Naturalmente, cuanta más credibilidad se haya perdido previamente menor es el margen, menos posible es posponer el ajuste al futuro y más complicado y doloroso resulta todo. Por otra parte, parece razonable pensar que alguna relación habrá entre credibilidad y cumplimiento de compromisos. También lo parece que resulta aconsejable acompañar el ajuste fiscal con políticas estructurales adecuadas. Aunque sus efectos se materialicen a largo plazo, en la medida que aumentan el potencial de crecimiento, permiten tener expectativas de una mejor situación futura y contribuyen a restaurar la confianza en la economía del país, refuerzan la credibilidad del programa y pueden ayudar a reactivar la inversión y el consumo a corto plazo. Y volviendo a los medios, qué gastos se recorten y qué impuestos suban pueden influir en esta cuestión. Para una visión del conjunto del plan adoptado por el Gobierno ver aquí.
La economía es compleja. Depende del comportamiento y las decisiones de millones de personas que sienten y piensan. Los resultados de un programa de reducción del déficit público, su éxito o su fracaso, incluso sus efectos sobre la producción a corto plazo dependen de muchos factores y no son seguros.
Al final resulta que hablar de ajustes fiscales es un poco como hablar de fútbol. Los ajustes fiscales son así. Unas veces se gana y otras se pierde. Pero cuanto mejor se juega más probable es ganar, aunque no sea seguro. Cuanto mejor el diseño y la aplicación del ajuste más probable es que salga bien, aunque no sea seguro. Por supuesto, mejor no llegar a los penalties. Y la próxima semana, hablaremos del gobierno.

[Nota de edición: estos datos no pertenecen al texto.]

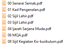 - Senarai dokumen mesti dinamakan seperti berikut: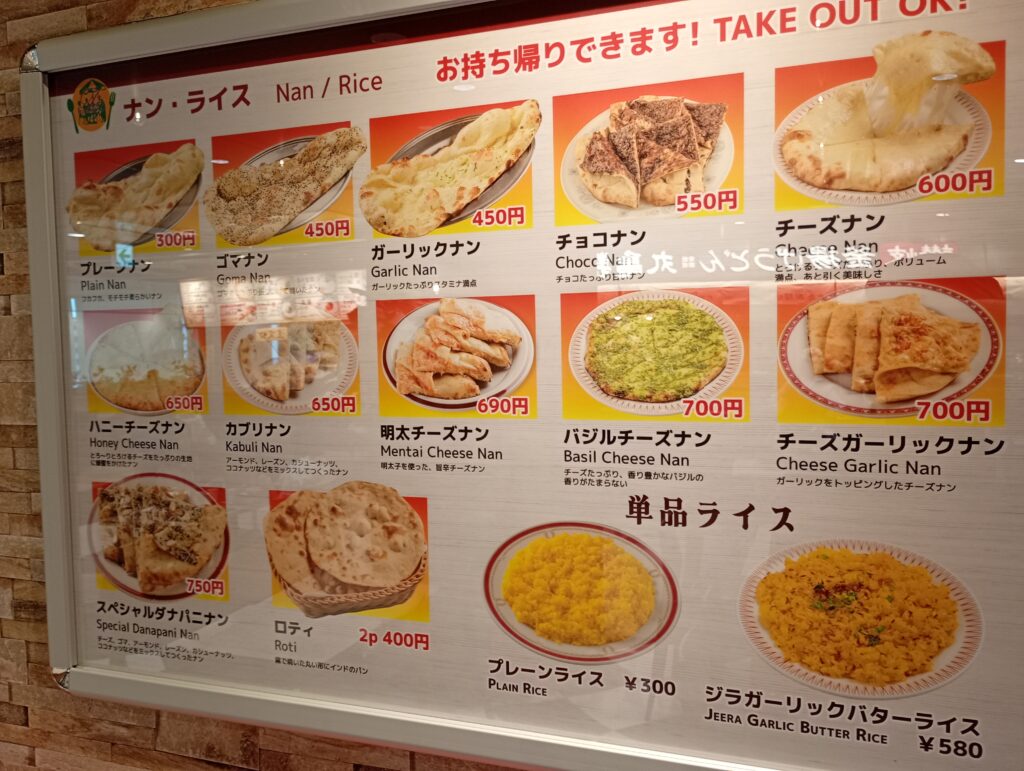 メニューはカレーとナンのセットが850円です。ナンは300円でチーズナンなどに変えることができるそうです。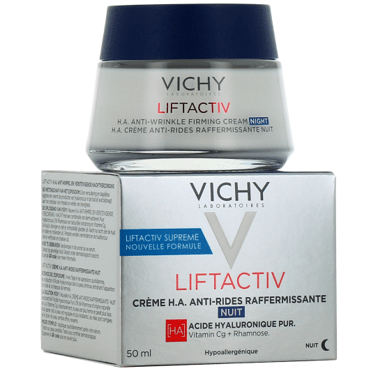 Appliquée chaque soir, cette crème anti-rides et raffermissante hydrate la peau en profondeur et booste le taux d’acide hyaluronique dans la peau. La peau est plus douce, confortable et lisse au réveil.
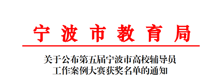 近日,第五届宁波市高校辅导员工作案例大赛传来捷报,我校选送的6个作品全部获奖,在数量与质量上皆获历史突破。其中,一等奖在全市8项中占3项,位列全市高校并列第一,另获二等奖2项,三等奖1项。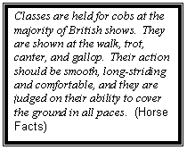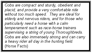 The Cob should display low action from the shoulder and should be able to gallop well. These sturdy, compact horses are sometimes referred to as 'heavyweight hunters on short legs’ (Ultimate Horse). Typically billed as the ideal mount for a more elderly, less athletic ride, the Cob should not give the impression of a dull slug. Cobs DO have a calm, steady ride and impeccable manners. They should also be active and willing, so that they may provide a rider with a safe and enjoyable day’s hunting. While they may not compete at the highest level due to their stocky builds, Cobs should be able to participate in a variety of competitive events. The Cob possesses considerable jumping ability, with a common sense which usually ensures safety and willingness in accomplishing tasks t it is asked to perform.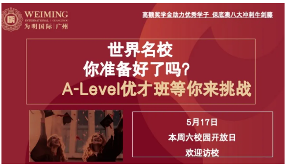 广州为明国际部在 10 年级开设 A-Level 优才班,以保底澳洲前三、冲刺英国G5、中国香港前四、加拿大新加坡顶尖名校为明确升学目标。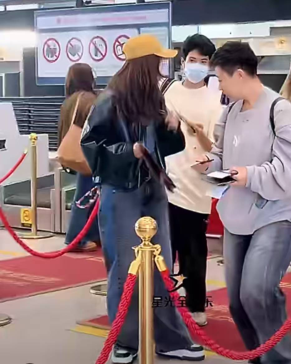 刘芸手持袋子,Jagger跟在身后身形挺拔。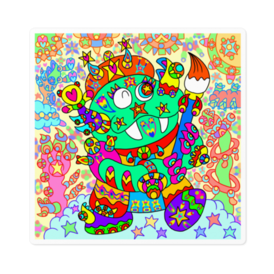 ステッカー - 160 x 160 (mm)(1)この商品はpixivFACTORYで作られた商品です。サンプル画像は完成イメージのため、実物と異なる場合があります。 今回は、僕どりほぷの分身とも言える竜を描きました!この竜は自分で自由に思いついたままに絵を描くのが大好きです!この龍が持つ神秘的な魅力が、カラフルで華やかなアートの中で咲き誇ります!この作品では、竜のアーティストが幸せで満ちた一瞬を切り取っています。色とりどりの筆使いが、見る者の心をわしづかみにし、作品制作を楽しむ生き生きとした表現が楽しめます。こちらの作品は、先に発表した「アーティストの竜」の背景ありのバージョンになります。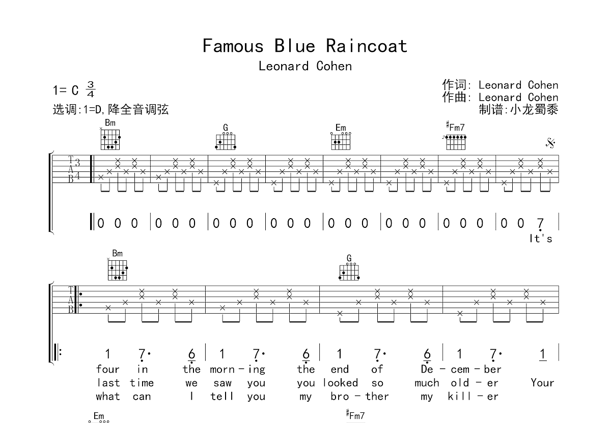 Leonard Cohen《Famous Blue Raincoat》吉他谱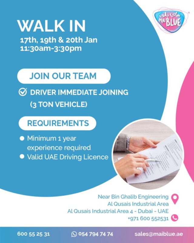 The Mai Blue Walk in Interview in Dubai represents an excellent opportunity for job seekers to secure stable and rewarding employment. With a strong reputation in the market and a commitment to employee growth, Mai Blue continues to be a preferred employer in the UAE. Interested candidates are advised to attend the interviews promptly and take the first step toward an exciting career journey with Mai Blue.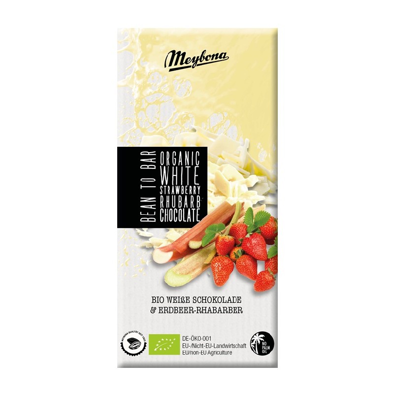Această ciocolată fructată este împodobită cu bucăți delicioase de căpșuni și rubarbă și are un gust pur și simplu divin. Ciocolata albă Meybona este minunat de cremoasă datorită utilizării untului de cacao adevărat. Pentru a completa gustul minunat al ciocolatei gourmet, se adaugă puțină vanilie Bourbon în tableta de ciocolată. După ore întregi de conșare, ciocolata organică își dezvăluie întreaga aroma. Un cadou minunat de dulce sau o gustare delicioasă pentru între mese. Această ciocolată organică fină, făcută din ciocolată albă (35%), provine direct de la fabrica de ciocolată a afacerii de familie Meybona.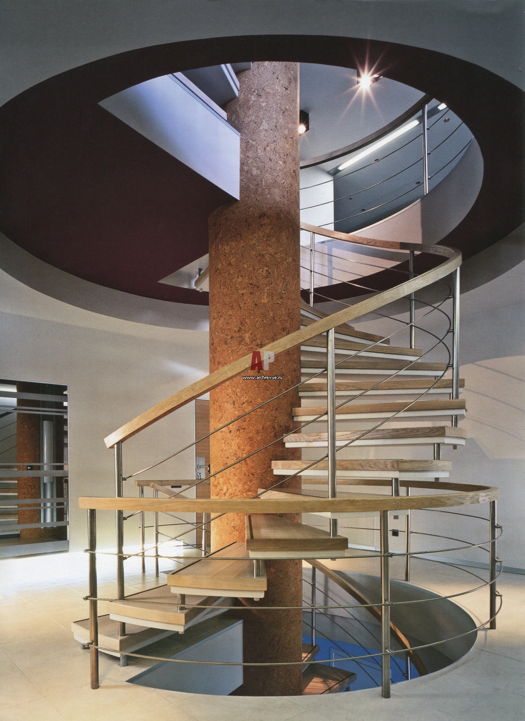 Центральную часть дома занимают лестничные холлы, соединенные винтовой лестницей.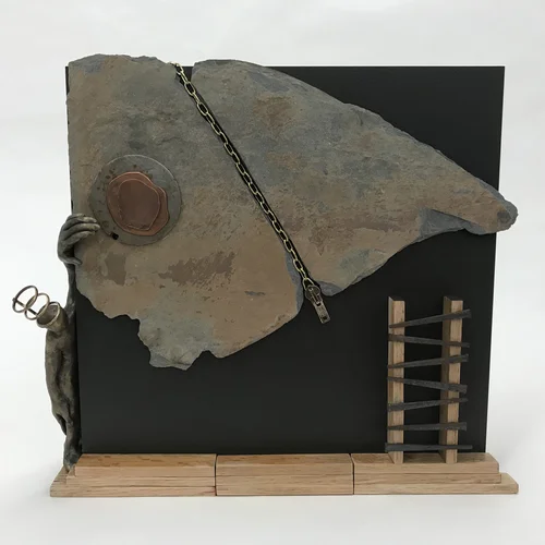 Piece of Mind began in 2021, and is comprised of an assortment of media - slate shards, steel scraps, clay, wire, found objects and my signature humans being. These sculptural essays echo the power of pieces while addressing issues of freedom, self-reflection, identity, the unhoused and the theater of life. They demonstrate how brokenness of materials and life can be made whole again and reinvented toward a positive state of tranquility and inner peace.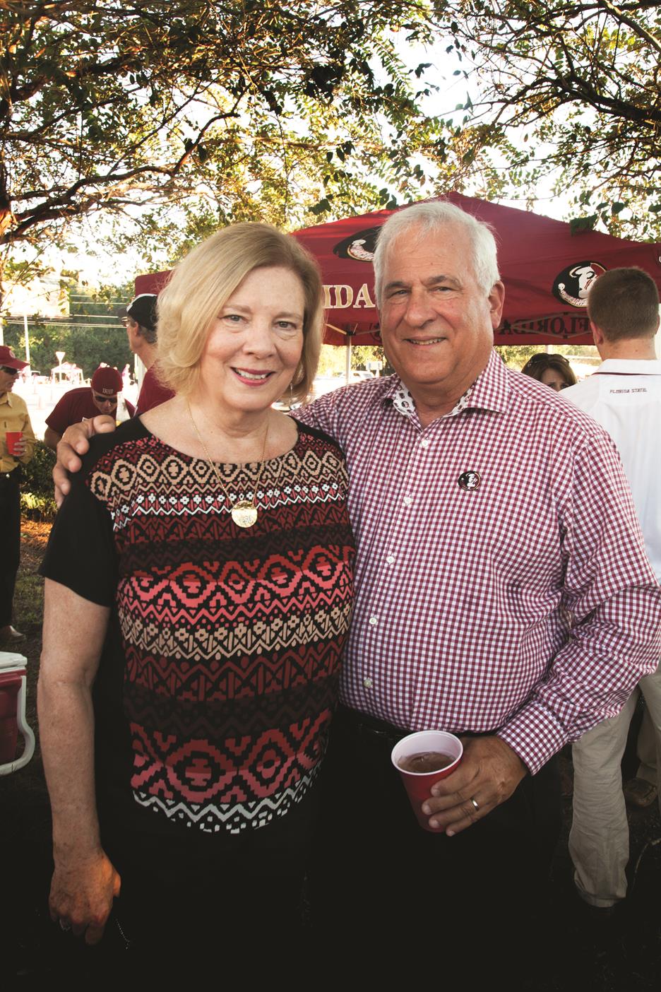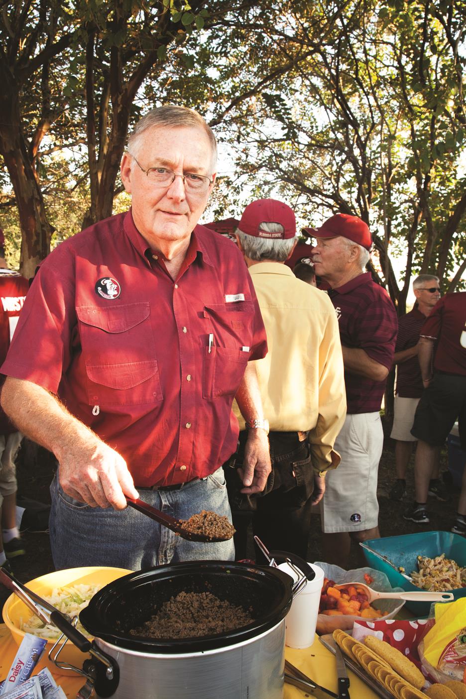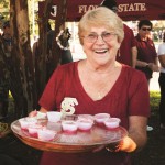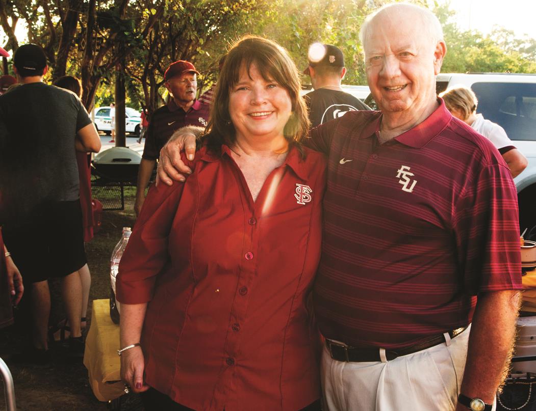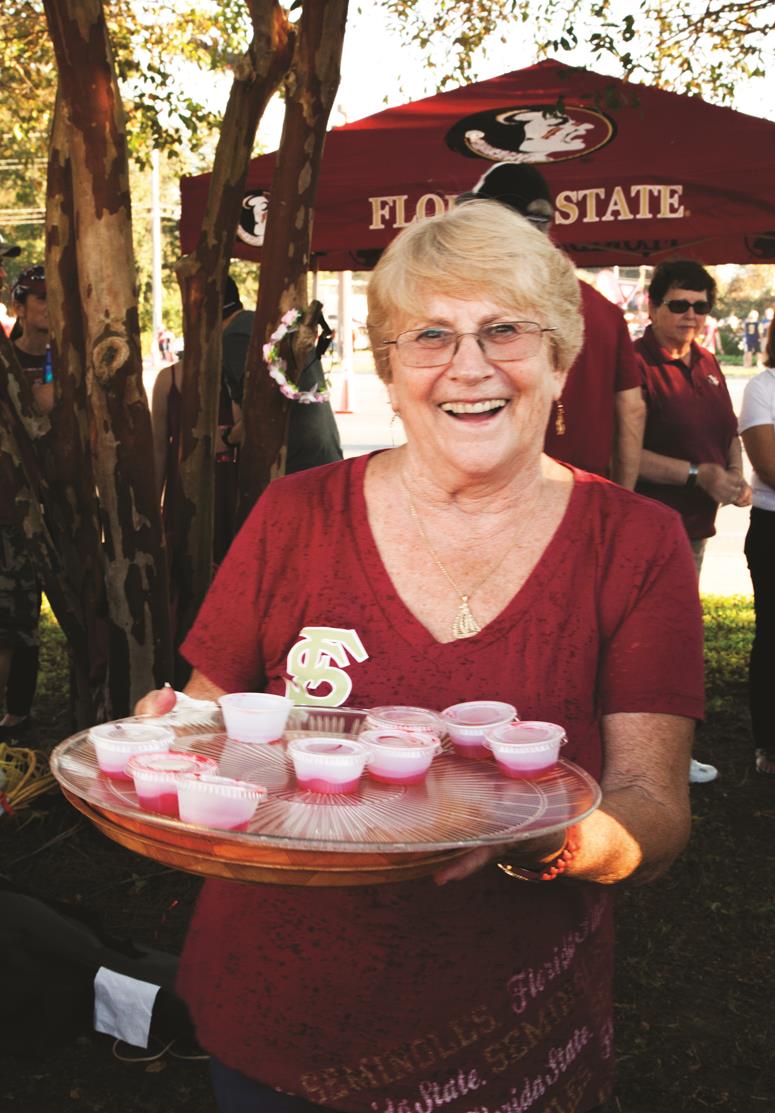 Janice Hanks and her husband Ralph moved to Panama City from Pensacola in 1976 and started attending FSU games in 1977. They live in Panama City and had their first tailgate in Tallahassee in 1978. At first, it was just the two of them. “We realized then and there that we wanted to start a tradition and organize a great tailgate that everyone could participate in and enjoy along with enhancing the game day experience. We enjoy hosting the event and always look for new ways to improve the tailgate experience. It has evolved over the years and continues to evolve and change,” says Janice. Nowadays, there are around 50 people who join the Hanks’ tailgate at the smaller games and 100 plus people on the big games.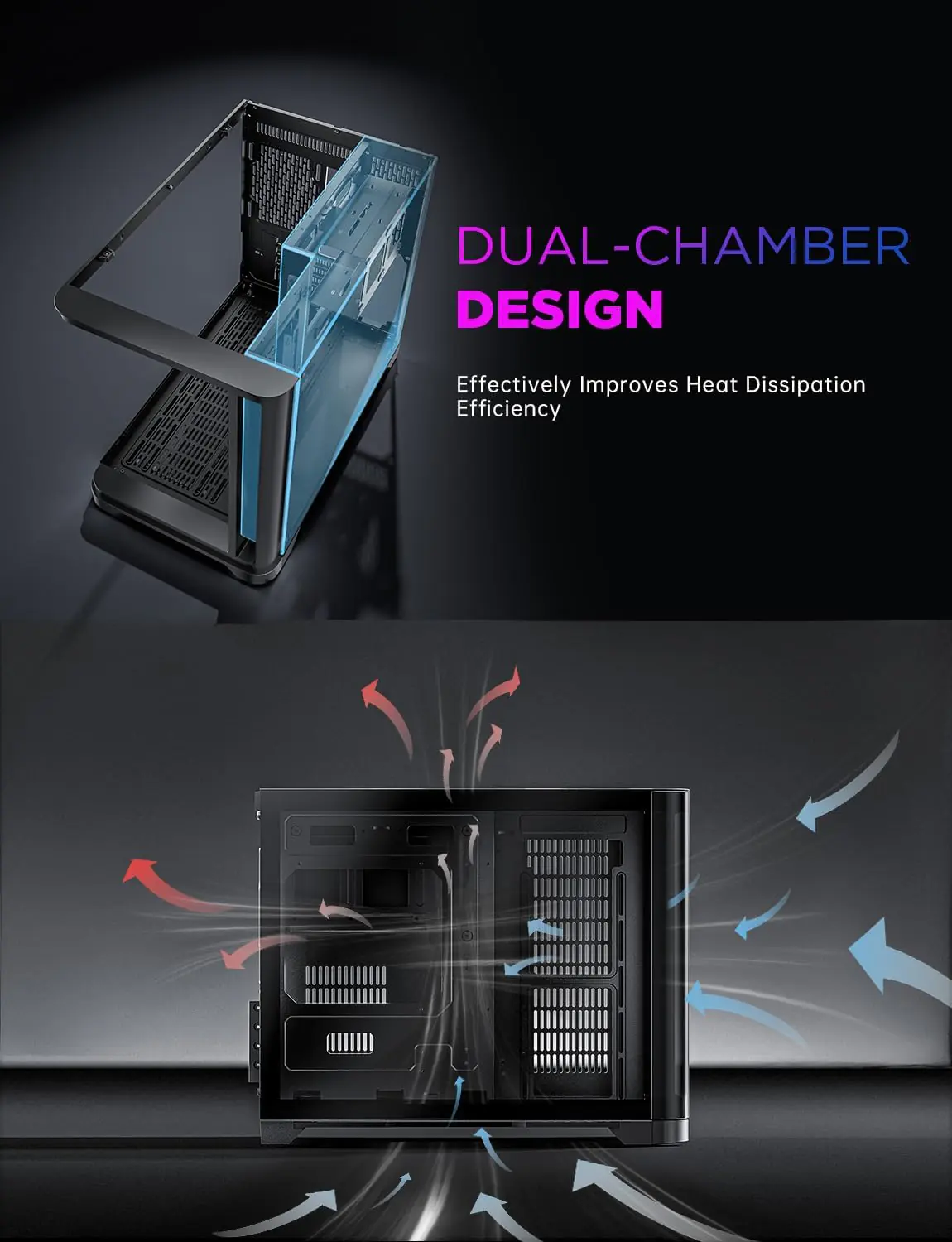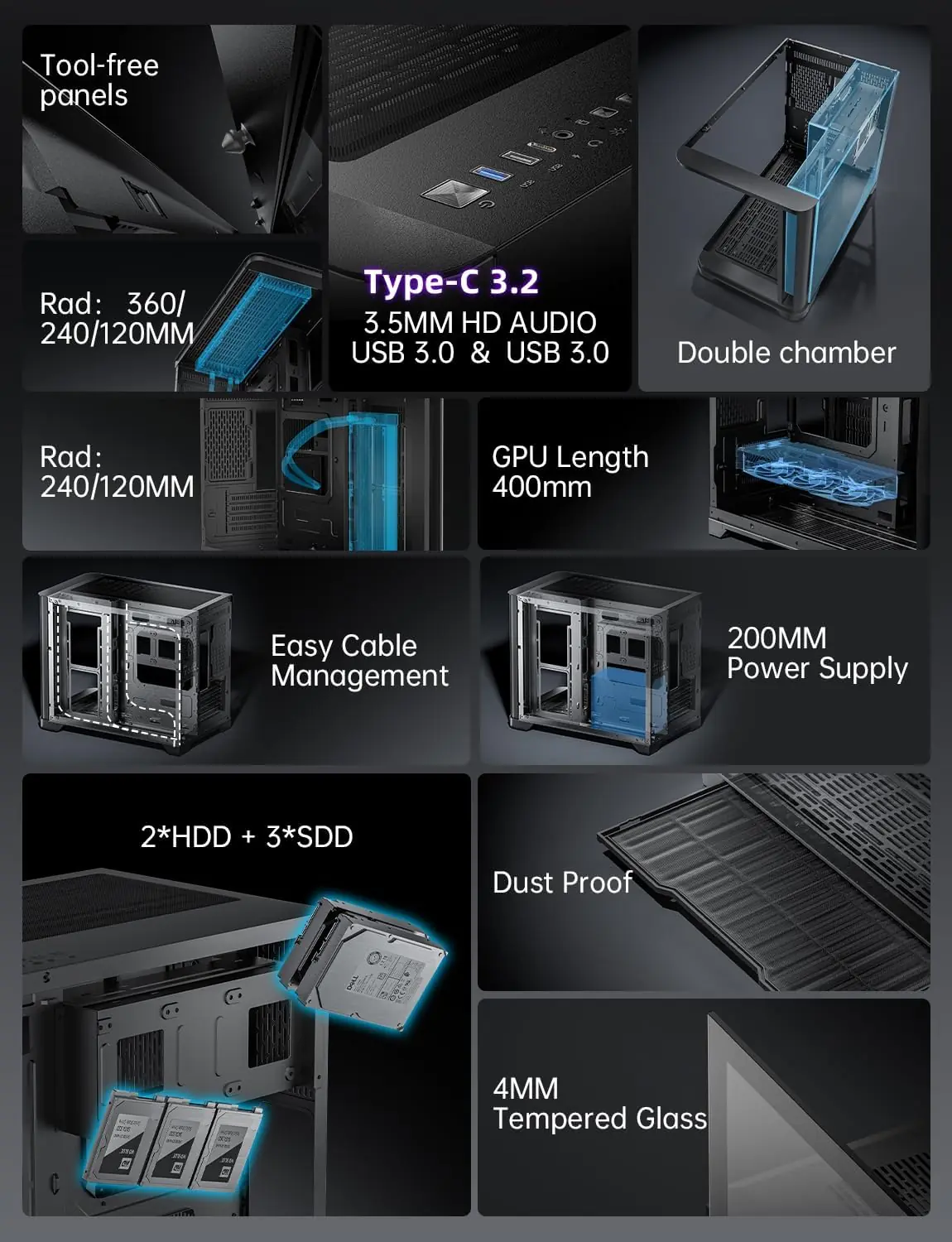 - Optimized Airflow & Cooling: built with 9 fan mounting positions and support for up to 360mm water cooling on top and bottom, plus 240mm on the side for ultimate thermal performance.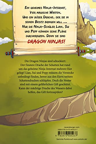 Die Dragon Ninjas sind schockiert: Der finstere Drache der Schatten hat rund um das geheime Ninja-Internat mehrere Eier gelegt! Lian, Sui und Pepp müssen die Verstecke unbedingt finden, bevor aus den Eiern weitere Schattendrachen schlüpfen. Doch die Nester sind mit einem gefährlichen Gift geschützt. Kann der mächtige Drache des Wassers dabei helfen, das Gift fortzuspülen?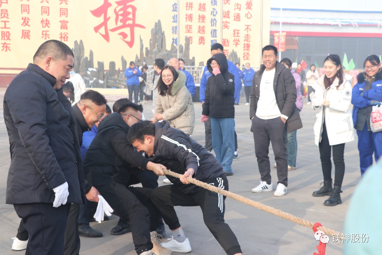 在拔河比赛中,各队成员齐心协力,奋力向前,展现了镁神人团结拼搏的精神风貌。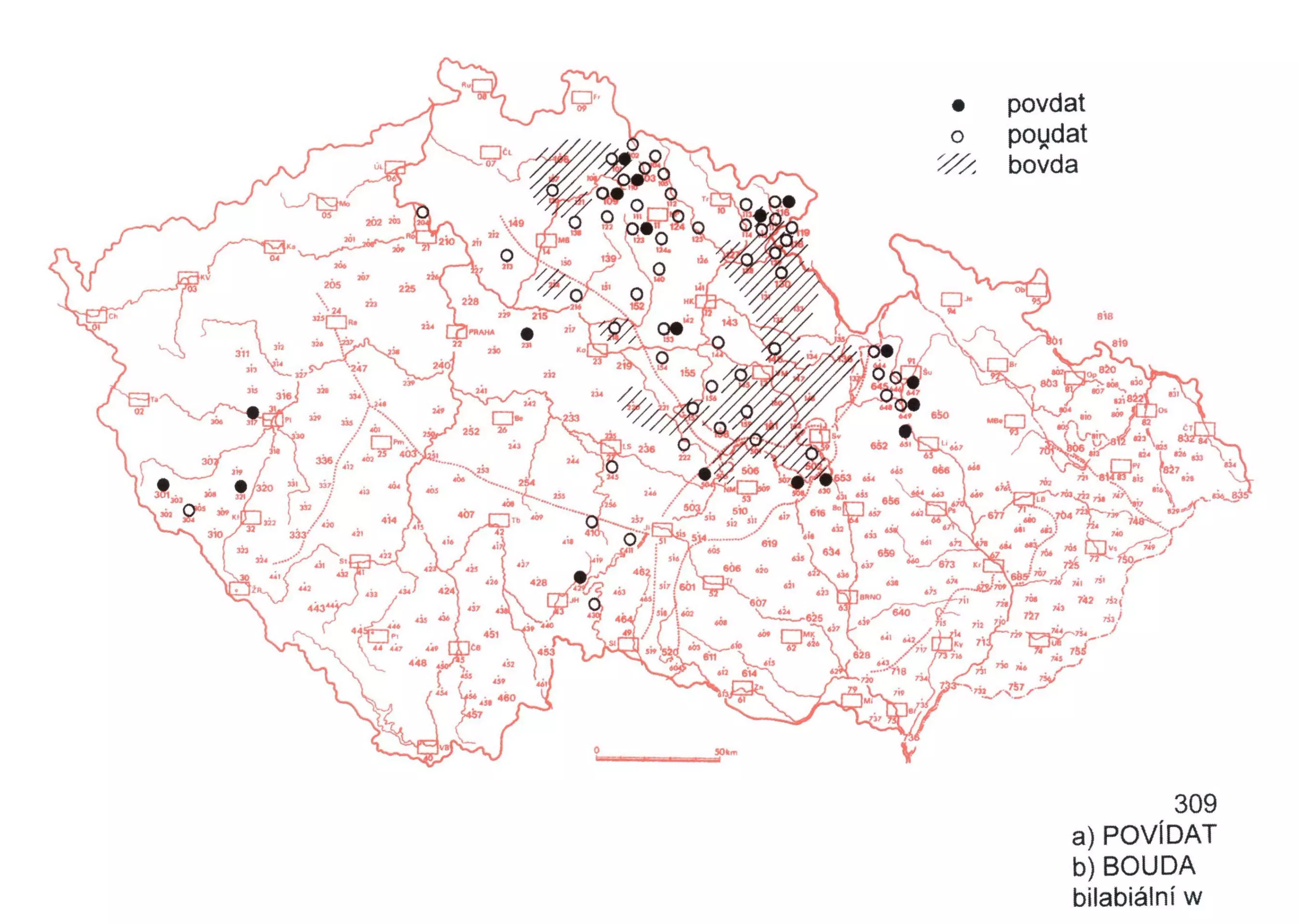 2 Na mapě jsou zakresleny případy nářeční výslovnosti typu povdat a bovda, včetně „mezistupně“ podat. Vznik hyperkorektní podoby bovda lze vysvětlit zvratnou analogií, u podoby povdat jde vlastně o v náležité, které je tu obnoveno (asi podle povědět).

Con lo de que la economía es compleja no puedo estar más de acuerdo. El déficit se regula (es un decir) a partir de los ingresos y los gastos. Uno podría hacer una ecuación dinámica diferenciando ingresos y gastos para tener una estimación de lo que cabe esperar en cuanto a sus efectos. Pero, a diferencia de la economía doméstica, aquí los ingresos dependen de los gastos y los gastos de los ingresos. Por aquello del crecimiento. O sea que las derivadas son un lío y hay que afinar mucho en las estimaciones. En algún otro sitio lo hablaba de la necesidad de tener alguna estimación razonable de las elasticidades totales del déficit en relación a cada euro que se gasta y de cada euro que se ahorra. Porque la confianza de los mercados no sólo depende del afán cumplidor con Merkel de nuestro Sastrecillo Valiente (léase Montoro), sino con la expectativa de que no nos hundamos de puro éxito. Porque la cifra de parados no es fácil de esconder para nuestros acreedores, que difícilmente pueden pensar que «España va bien» por estos derroteros.